** Task prompt **
From the first line of the entries below to the line with "The Gallup Law", give each line again exactly.

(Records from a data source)
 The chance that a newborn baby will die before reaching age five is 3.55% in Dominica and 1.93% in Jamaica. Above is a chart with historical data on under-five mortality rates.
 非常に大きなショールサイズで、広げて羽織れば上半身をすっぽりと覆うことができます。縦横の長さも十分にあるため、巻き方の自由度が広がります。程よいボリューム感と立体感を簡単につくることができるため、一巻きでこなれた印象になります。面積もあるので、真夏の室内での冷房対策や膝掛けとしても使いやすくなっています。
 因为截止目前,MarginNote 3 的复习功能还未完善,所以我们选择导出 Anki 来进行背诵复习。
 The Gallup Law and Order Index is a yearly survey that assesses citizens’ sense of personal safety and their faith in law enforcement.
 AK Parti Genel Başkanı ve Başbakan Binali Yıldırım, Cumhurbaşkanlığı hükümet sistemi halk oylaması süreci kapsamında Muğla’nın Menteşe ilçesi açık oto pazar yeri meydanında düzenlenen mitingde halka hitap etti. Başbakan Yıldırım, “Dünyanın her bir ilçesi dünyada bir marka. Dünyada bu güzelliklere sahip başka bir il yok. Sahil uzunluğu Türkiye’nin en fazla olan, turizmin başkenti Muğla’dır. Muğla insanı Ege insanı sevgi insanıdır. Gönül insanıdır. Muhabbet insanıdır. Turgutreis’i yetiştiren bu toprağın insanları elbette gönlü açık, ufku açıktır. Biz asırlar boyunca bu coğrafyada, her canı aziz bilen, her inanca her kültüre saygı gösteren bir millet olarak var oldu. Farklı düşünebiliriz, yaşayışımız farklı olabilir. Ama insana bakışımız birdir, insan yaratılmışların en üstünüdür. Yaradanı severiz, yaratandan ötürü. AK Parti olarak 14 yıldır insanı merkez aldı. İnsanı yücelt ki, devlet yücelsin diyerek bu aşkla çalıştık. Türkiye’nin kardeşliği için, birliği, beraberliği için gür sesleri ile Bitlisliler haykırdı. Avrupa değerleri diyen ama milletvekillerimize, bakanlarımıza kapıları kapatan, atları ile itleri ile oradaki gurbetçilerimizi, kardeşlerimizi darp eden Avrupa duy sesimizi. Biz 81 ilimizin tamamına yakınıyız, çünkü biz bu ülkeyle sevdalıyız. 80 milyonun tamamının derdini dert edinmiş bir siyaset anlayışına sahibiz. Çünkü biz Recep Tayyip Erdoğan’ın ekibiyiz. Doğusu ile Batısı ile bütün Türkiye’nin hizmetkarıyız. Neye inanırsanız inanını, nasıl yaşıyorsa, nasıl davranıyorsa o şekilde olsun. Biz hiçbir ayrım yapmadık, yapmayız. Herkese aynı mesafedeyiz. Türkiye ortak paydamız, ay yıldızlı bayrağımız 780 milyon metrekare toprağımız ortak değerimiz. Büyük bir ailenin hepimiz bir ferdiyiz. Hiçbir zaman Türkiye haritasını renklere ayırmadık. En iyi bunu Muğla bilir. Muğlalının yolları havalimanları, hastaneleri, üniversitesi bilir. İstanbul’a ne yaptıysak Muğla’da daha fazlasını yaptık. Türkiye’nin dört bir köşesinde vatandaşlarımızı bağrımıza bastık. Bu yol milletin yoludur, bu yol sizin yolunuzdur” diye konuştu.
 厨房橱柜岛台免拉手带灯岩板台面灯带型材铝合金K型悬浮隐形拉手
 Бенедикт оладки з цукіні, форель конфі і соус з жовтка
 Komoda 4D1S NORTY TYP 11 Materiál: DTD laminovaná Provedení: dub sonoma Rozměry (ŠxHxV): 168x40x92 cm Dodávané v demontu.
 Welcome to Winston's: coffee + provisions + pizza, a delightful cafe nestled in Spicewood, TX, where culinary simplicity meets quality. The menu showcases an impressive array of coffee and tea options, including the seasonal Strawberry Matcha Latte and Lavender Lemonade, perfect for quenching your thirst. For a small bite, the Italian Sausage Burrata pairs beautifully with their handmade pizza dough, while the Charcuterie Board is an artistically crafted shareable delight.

** Solution to the exercise **
 The chance that a newborn baby will die before reaching age five is 3.55% in Dominica and 1.93% in Jamaica. Above is a chart with historical data on under-five mortality rates.
 非常に大きなショールサイズで、広げて羽織れば上半身をすっぽりと覆うことができます。縦横の長さも十分にあるため、巻き方の自由度が広がります。程よいボリューム感と立体感を簡単につくることができるため、一巻きでこなれた印象になります。面積もあるので、真夏の室内での冷房対策や膝掛けとしても使いやすくなっています。
 因为截止目前,MarginNote 3 的复习功能还未完善,所以我们选择导出 Anki 来进行背诵复习。
 The Gallup Law and Order Index is a yearly survey that assesses citizens’ sense of personal safety and their faith in law enforcement.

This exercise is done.